How is the demand spread between companies and households?
“The corporate sector represents about two thirds of the consumption, and households one third. In other words, it’s important to see how the companies are doing because they have the biggest impact on the overall registrations.”
Do you think the surge might have been caused by firms reacting at the end of last year and the start of this year to the weakening of the Czech crown by the central bank?
“That could be one of the reasons. However, right now we believe it was only a minor factor because the effect would most likely appear later this year. Really, exports and overall corporate investment are basically influenced by the growth of the economy both in the Czech Republic, the EU and the rest of the world.”
When we take a closer look at the household demand, would you say the overall performance of the economy has already led to increased spending?
“This is an interesting question. On the one hand, we can see that the level of unemployment has not decreased substantially so far. That’s quite natural because the growth of the economy only translates into decreased unemployment with a certain delay.“Generally, household confidence is quite good but on the other hand, people are still concerned about possible price hikes. That’s interesting because there are no expected price increases in electricity, gas or other commodities, so it looks like households are still price-conscious, and they will remain so.”
So how do you expect the car market to develop throughout the rest of the year?
“We think the increase will continue; one of the reasons is, as I said, that the baseline from last year was quite low. On the other hand, the second half of 2013 already featured a growth, so the baseline will not be as low as it was at the beginning of the year will be of up to 10 percent.”
When it comes to the actual market, do you see any changes in customers’ preferences?
“I don’t think there are any changes in trends. What was quite interesting was the latest news from Škoda Auto that people are increasingly buying four-wheel-drive cars. But I’m now aware of any such trends with other brands. So I think that the preferences will be basically the same as they have been until now.”
Speaking of households optimism versus expected price hikes, the Czech government is considering increasing some of the taxes in a year- or two-years’ time. Do you think this could boost the sales of cars, or other goods?
“We have seen these kinds of boots in the past before the announced tax increases. It always depends on car dealers and importers and on how they work with these changes. Other firms from other sectors, such as real estate developers, used the opportunity and it had a positive impact on sales.”

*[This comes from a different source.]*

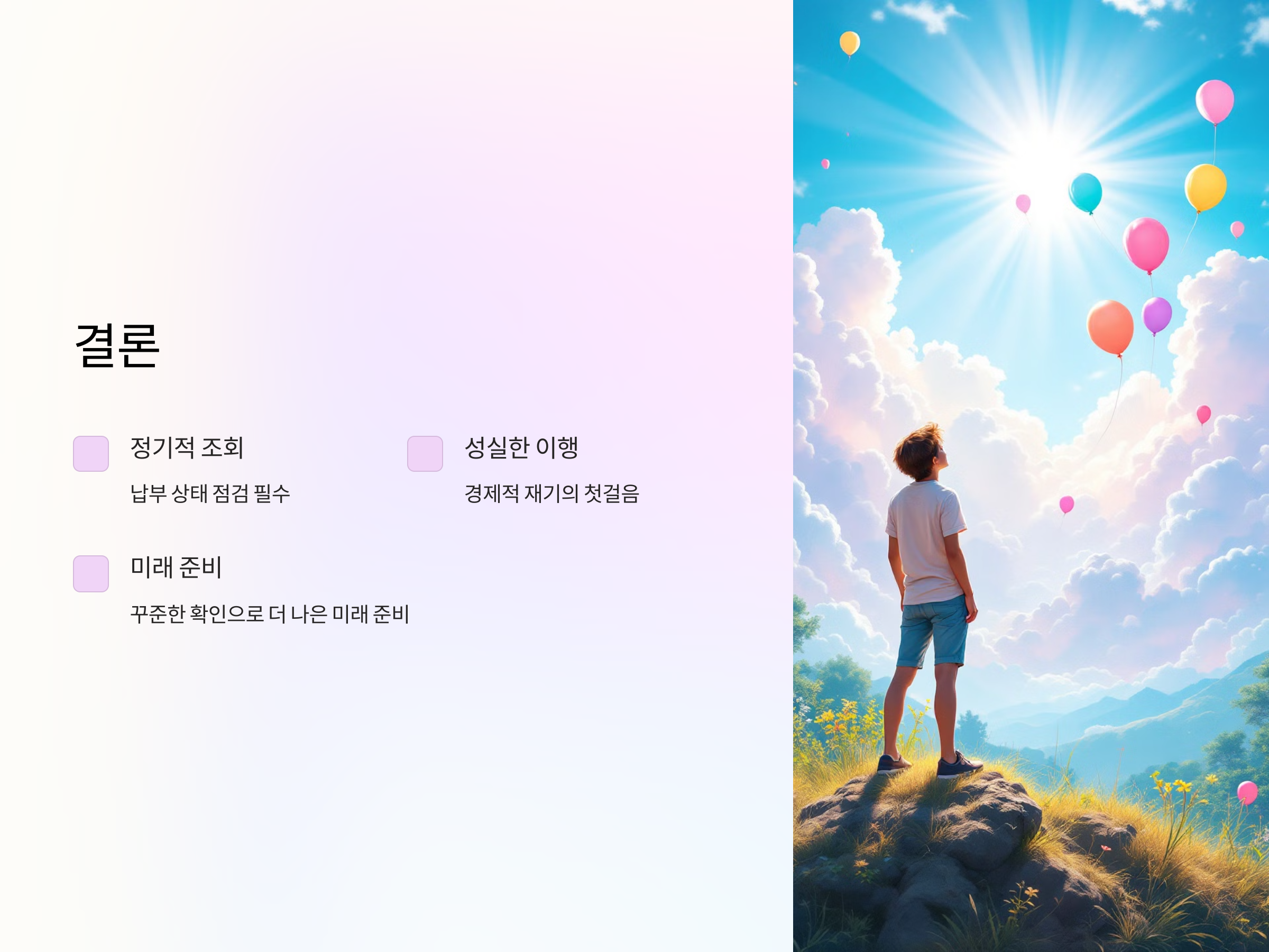 개인회생 변제금 조회는 절차를 원활하게 진행하기 위한 핵심 요소입니다. 정기적인 조회를 통해 납부 상태를 점검하고, 필요한 경우 법적 보호를 유지하기 위한 조치를 취하세요. 변제금 납부는 경제적 재기의 첫걸음입니다. 꾸준히 확인하고 성실히 이행하여 더 나은 미래를 준비하시길 바랍니다.

Škoda Auto has a 30 percent-share of the Czech car market. How have their sales helped increase production, and more generally, the economy?“I would say any increase in sales would help the economy and the performance of Škoda and other Czech-based car manufactures. On the other hand, we need to take into account that the Czech market for Škoda represents some 6 or 7 percent of their overall sales; for the other firms, Hyundai and TPCA, it’s even lower. So even if there is a huge increase in Czech car registrations, it will not have a big impact on the manufacturers’ performance.”
The car industry is doing well, too. In June, Škoda produced a record 98,000 cars in their Czech and foreign plants, and other manufacturers have also increased production. However, some of their key markets such as Russia are reporting declining sales. Do you think their output could drop again later in the year because of this?

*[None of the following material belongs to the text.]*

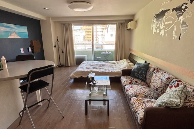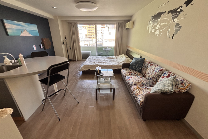 徳島駅から徒歩7分。徒歩3分圏内にローソン、ファミリーマート、郵便局があり、多くの飲食店、コインランドリー、繁華街までも徒歩5分と非常に便利な立地です。キッチンと調理器具がありますので簡単な料理を作る事も可能です。

“It will definitely have some negative impact on these firm but we need to take into account that the majority of their sales are in western Europe, and Europe in general. Other markets are also important and the companies will need to react somehow but the bulk of their production goes to western countries like Germany, the UK, Italy, and so on.”
And you don’t expect sales there do dip as well?
“Not right now. We have seen that registrations in the EU in general are on the rise. There was a little decrease in Germany in the last two months but according to VDA, the German car manufacturers’ association, the registrations in that country should grow this year. So I’m quite optimistic.”
So how long do you think it will take for the revived car manufacturing to affect job creation and the labour market?
“In general, it takes a year or so for the companies to adjust to new production levels. But anyway, these firms use agency workers, which enables them to react rather quickly.”But will this affect the unemployment levels since these workers are often imported from abroad, and are not registered in the Czech labour market?
“That’s one of the reasons. But the unemployment rate is affected by the firms’ suppliers so the change coming from the market first affects the car manufacturers and then the suppliers. This means it really takes some time before it impacts the unemployment rate.”